Ancona. Sequestro di 123.860 articoli contraffatti provenienti dalla Bulgaria

Ancona, 24 dicembre 2015 – Le Fiamme Gialle del Comando Provinciale di Ancona, in collaborazione con i funzionari della locale Agenzia delle Dogane, – nell’ambito dell’intensificazione dei controlli in ambito portuale disposti dal Ministero dell’Interno, – il 20 dicembre 2015, all’interno degli spazi doganali del porto di Ancona, hanno proceduto al controllo di autoarticolato con targa bulgara appena sbarcato da una motonave proveniente dalla Grecia e destinato in Spagna, condotto da un cittadino bulgaro.
Gli operanti nel corso dell’esame dei colli trasportati individuavano, all’interno di alcuni di essi, articoli riproducenti marchi contraffatti.

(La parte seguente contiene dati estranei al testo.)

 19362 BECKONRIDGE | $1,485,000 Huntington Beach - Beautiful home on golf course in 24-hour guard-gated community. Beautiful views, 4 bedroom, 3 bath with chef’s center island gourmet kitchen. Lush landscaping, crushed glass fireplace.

Pertanto procedevano allo scarico di tutto il carico contenuto nel rimorchio rinvenendo: giocattoli privi del marchio CE, sciarpe, cappelli, cinture e portafogli riportanti l’effige di note griffe (Gucci, Luis Vitton, Burberry, Chanel, Adidas, ecc).
In considerazione, della scarsa qualità dei prodotti, del confezionamento, delle anomale modalità di trasporto nonché dell’inadeguato valore commerciale dichiarato in fattura, con l’avallo dei periti delle case produttrici, procedevano al sequestro della merce individuata come contraffatta nel corso del controllo.

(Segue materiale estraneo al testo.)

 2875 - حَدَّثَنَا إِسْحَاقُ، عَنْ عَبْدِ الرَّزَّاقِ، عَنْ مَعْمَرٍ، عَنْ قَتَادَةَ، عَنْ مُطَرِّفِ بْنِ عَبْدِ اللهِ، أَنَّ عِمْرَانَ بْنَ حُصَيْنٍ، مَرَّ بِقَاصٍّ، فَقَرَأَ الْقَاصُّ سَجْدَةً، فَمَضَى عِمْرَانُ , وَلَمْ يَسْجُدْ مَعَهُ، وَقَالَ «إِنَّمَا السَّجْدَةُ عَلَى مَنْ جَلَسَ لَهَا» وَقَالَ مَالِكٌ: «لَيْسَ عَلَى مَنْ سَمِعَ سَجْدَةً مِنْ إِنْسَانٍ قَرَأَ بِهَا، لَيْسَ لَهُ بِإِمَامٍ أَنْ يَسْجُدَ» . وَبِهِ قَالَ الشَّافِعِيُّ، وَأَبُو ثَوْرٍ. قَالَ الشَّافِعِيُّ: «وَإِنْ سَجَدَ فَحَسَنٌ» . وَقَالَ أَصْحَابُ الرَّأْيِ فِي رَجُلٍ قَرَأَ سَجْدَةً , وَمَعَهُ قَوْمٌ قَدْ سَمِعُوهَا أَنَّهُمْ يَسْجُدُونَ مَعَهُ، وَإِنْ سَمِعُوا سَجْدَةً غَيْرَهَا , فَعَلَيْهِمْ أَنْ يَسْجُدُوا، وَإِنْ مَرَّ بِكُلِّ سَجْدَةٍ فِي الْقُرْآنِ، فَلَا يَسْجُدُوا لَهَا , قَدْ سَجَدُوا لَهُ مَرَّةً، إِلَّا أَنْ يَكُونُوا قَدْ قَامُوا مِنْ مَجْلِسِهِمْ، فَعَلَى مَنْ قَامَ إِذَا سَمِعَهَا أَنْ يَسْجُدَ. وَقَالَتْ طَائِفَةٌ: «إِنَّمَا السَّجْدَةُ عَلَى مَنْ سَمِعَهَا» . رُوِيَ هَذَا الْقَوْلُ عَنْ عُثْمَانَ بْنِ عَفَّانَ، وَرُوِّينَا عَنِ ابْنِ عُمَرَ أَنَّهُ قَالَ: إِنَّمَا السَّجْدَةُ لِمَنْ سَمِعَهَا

A seguito dell’ ispezione del rimorchio, venivano conteggiati nr. 480 colli contenenti nr. 123.860 articoli contraffatti che immessi nel mercato avrebbero procurato un indebito introito stimato dall’ente doganale in 4.407.000.00 euro circa.
Sono in corso indagini per identificare sia il mittente che il destinatario della merce, essendo stata appurata l’estraneità ai fatti del vettore, risultato, non al corrente del tipo e della qualità dei prodotti contenuta nei colli trasportati.
L’attività illustrata testimonia l’efficacia del dispositivo di contrasto approntato dalla Guardia di Finanza nell’ambito del porto dorico, con il quale il Corpo contribuisce quotidianamente a contrastare le distorsioni del sistema economico, a tutelare la filiera produttiva nazionale, dei commercianti onesti danneggiati da una concorrenza sleale nonchè del cittadino consumatore finale, che vede così garantito il suo diritto all’acquisto di merce “sicura”.